Updating policy for IAM role: app-dev
Updating lambda function: app-dev
Updating rest API
- Lambda ARN: arn:aws:lambda:XXXXXX:XXXXXXXXXXX:function:app-dev
- Rest API URL: https://XXXXXXXXXXX.execute-api.XXXXXXXX.amazonaws.com/api/
Step 5: Configure the App in Shopify to use the AWS end-point
The last few steps involve updating the App in Shopify Dashboard to use your new endpoint as shown here:
Step 6: Update Your Store to use the new App
Our app is pretty much ready, copy paste the “Merchant Install link” into your browser and complete the integration.
At this point you should see the Installed app in your Store Dashboard and you can extend it further to respond to different Shopify events.
Creating and installing a Serverless App into Shopify does not require a lot of coding, as a matter of fact I spent most of my time dealing with configurations.
My complete starter app repo is available here for you to look at and use as a starting point.
Shopify Serverless App using AWS Chalice.
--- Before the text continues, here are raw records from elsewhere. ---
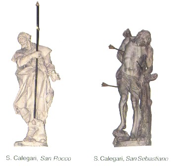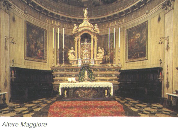 Parrocchia1.jpg (83431 byte)Ricordata per la prima volta nel 1230, la parrocchiale di San Pietro aveva l’abside rivolta ad oriente, senza facciata,Casa-Parrocchiale.jpg (145989 byte) perché appoggiata alla casa parrocchiale (quella attuale è stata modificata nel Cinquecento ed è iscritta nell’elenco ufficiale degli edifici monumentali: sulla volta del salone di rappresentanza contiene un ciclo di affreschi di Antonio Cifrondi, datati 1691, con le storie di Simon Mago). Secondo i verbali delle visite pastorali, aveva la cappella maggiore affrescata da Giovan Battista Castelli e quella di San Rocco affrescata da Lorenzo Lotto: opera questa quasi certamente contemporanea al ciclo di Santa Barbara, del 1524. Era lunga quasi 18 metri e larga poco più di dieci. Nel 1680, il parroco Francesco Sonzogni, a causa dell’aumento della popolazione, pensò ad un ingrandimento. Ne ribaltò l’orientamento e così andarono distrutti gli affreschi: questa seconda chiesa arrivava fino al limite orientale dell’attuale cupola. Fu consacrata nel 1703 ed ebbe il titolo di prepositurale (ed il parroco quello di prevosto). Sulla facciata erano collocate quattro statue: San Pietro e San Paolo (oggi sul tetto a delimitare le dimensioni originali dellaParrocchia.jpg (40383 byte) seconda chiesa), San Rocco e San Sebastiano, all’interno, che sono opera dello scultore bresciano Sante Calegari.
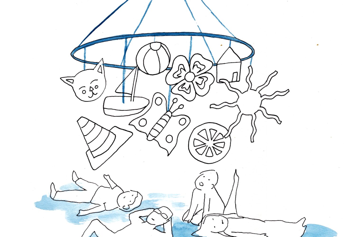 Daarna kruipen we in de rol van baby: Wat zou een baby zien als die eronder zou liggen? Ga heerlijk liggen en tuur naar boven..
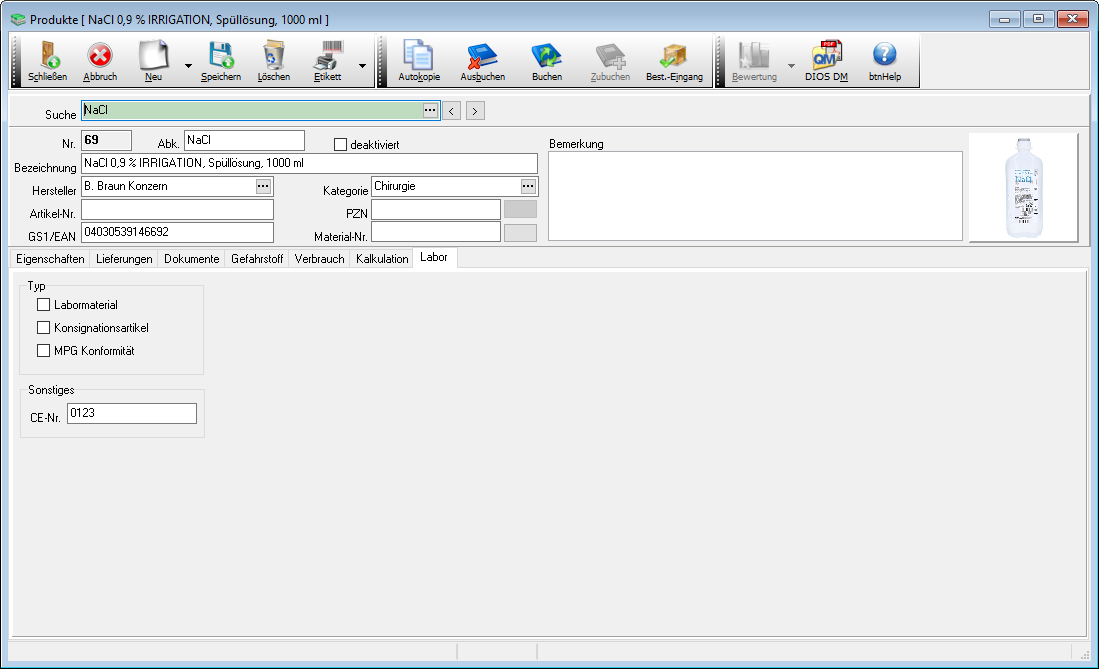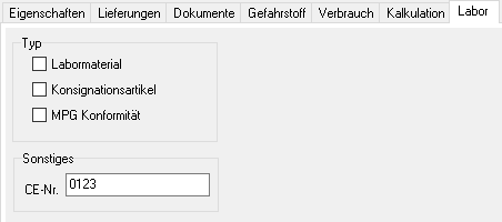 Im Register Sonstiges werden verschiedene Vorgaben zu dem Produkt eingestellt. In dem Feld Typ wird das Produkt als Labormaterial, Konsignationsartikel und/oder MPG Konformität gekennzeichnet.
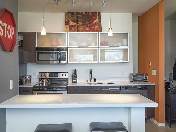 This Contemporary East Side Flat has European Style w/ American Sensibility. Offering: Amenity Roof, Downtown Views, Upscale OnSite Commercial Space, Secure Access &Parking. HoA Dues Cover Part of Electric & Water (Ask for Details).
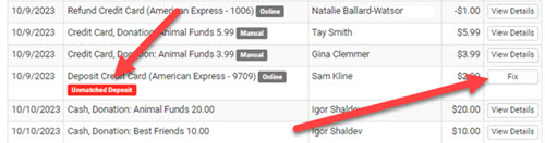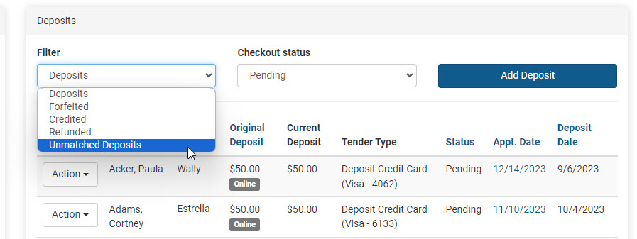 Here, use the filter dropdown menu to sort the list and display the Unmatched Deposits.
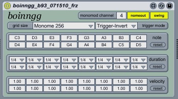 | Description: | Boinngg by pixelmechanic. Original info: http://docs.monome.org/doku.php?id=app:boiingg monomod: http://www.maxforlive.com/library/device.php?id=310 Adapted for use with Monomod. Its pretty straight forward. I didn't spend a lot of time porting this from the last project, so let me know if anything doesn't work as expected. I'll add multicolor if I can ever figure out a way that the patch would benefit. Basically, this is just a tribute to bouncy polyrhythmic goodness :) b93 @ 071510: updated GUI, added new timing engine, swing bypass, modified preset storage. b94 @ 090610: updated to add compatibility to monomod_b94. |
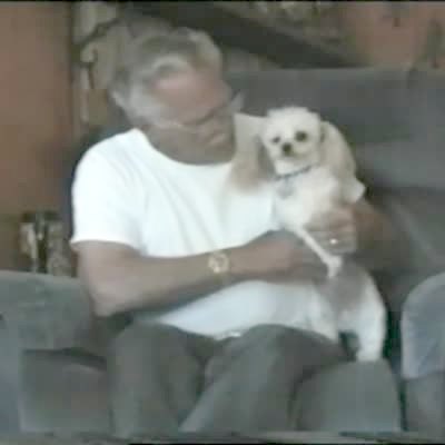 "Fleas Tease" Small dog attacks man when he says dog has fleas, then dog calms down when man says the dog doesn't have fleas. Silly pet tricks.
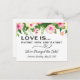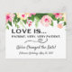 Ändra datumkortet för ett bröllop med blommigt gräns och "Kärlek är patient... mycket, mycket patient" som text längst upp. Grund två linjer kan ändras för att säga vad ni vill om er ändring av datumet i bröllop. Byt datumkort för bröllop, spara datumkortet, ändra datumkortet, ändra datumkortet för bröllop, bröllop spara datum-kort
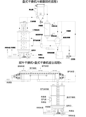 1 濕物料 2 定量加料器 3 連續(xù)球閥進(jìn)料 4 真空盤式干燥機(jī)5 冷凝器 6 加熱介質(zhì)進(jìn) 7 加熱介質(zhì)出8 溶劑接收器9 真空泵10 干品11 冷卻介質(zhì)進(jìn)12 冷卻介質(zhì)進(jìn)13 尾氣排空

Contribute to naveed125/shopify-serverless-app development by creating an…
You might notice that it’s not a lot of code, part of it is because I’ve not included any code that provides any specific functionality, my goal was to create a starting point that any one can use.
I hope you found this useful, if you get stuck or need help, feel free to reach out.
A huge shout out to Shopify for creating an extendable commerce platform using open standards that anyone can contribute to.